The C.A.P. park path. (Patano Studio Architecture)

Take note. The Seattle waterfront plan is getting a lot of competition. Last month, we saw an opposing proposal to the James Corner Field Operations plan rejected by city council and put on the ballot for next summer. The project—Initiative 123—calls for reinforcing a portion of the Alaska Way Viaduct that runs north-south along the western edge of Seattle as well as building a new section. These two pieces would create a mile-long, High Line–style park.

The C.A.P. concept plan. (Patano Studio Architecture)
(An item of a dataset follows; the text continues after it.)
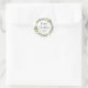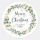 Estes autocolantes de férias simples e na moda apresentam uma coroa de aquarelas impressionante com folhas verdes e falsas de ouro e groselhas vermelhas, e uma tipografia moderna preta que diz "Feliz Natal" num fundo branco.

The C.A.P. concept plan. (Patano Studio Architecture)

Now a Seattle- and Idaho-based firm, Patano Studio Architecture, is proposing an $800 million project to the east as part of a larger conceptual plan to expand the Washington State Convention Center. The project would cap Interstate 5—a highway that runs through multiple neighborhoods such as downtown Seattle, South Lake Union, and Capitol Hill—and build a park on top.

The C.A.P. north tunnel entry. (Patano Studio Architecture)

The C.A.P. north tunnel entry. (Patano Studio Architecture)

The architects describe the highway built in 1962 as a “savage scar of roadway” that forever divided the city. Their project would cap a 2 mile long section of the the highway running from Lakeview in the north, south to downtown. The resulting 45 acre park would feature plants, trails, and community spaces, and be adjacent to affordable housing. Toward the downtown end, the park would run over a proposed 20,000 seat NBA / NHL arena that would also double as additional customizable convention space for the Convention Center. The arena would be an alternative to Chris Hansen’s proposed NBA / NHL arena in SoDo.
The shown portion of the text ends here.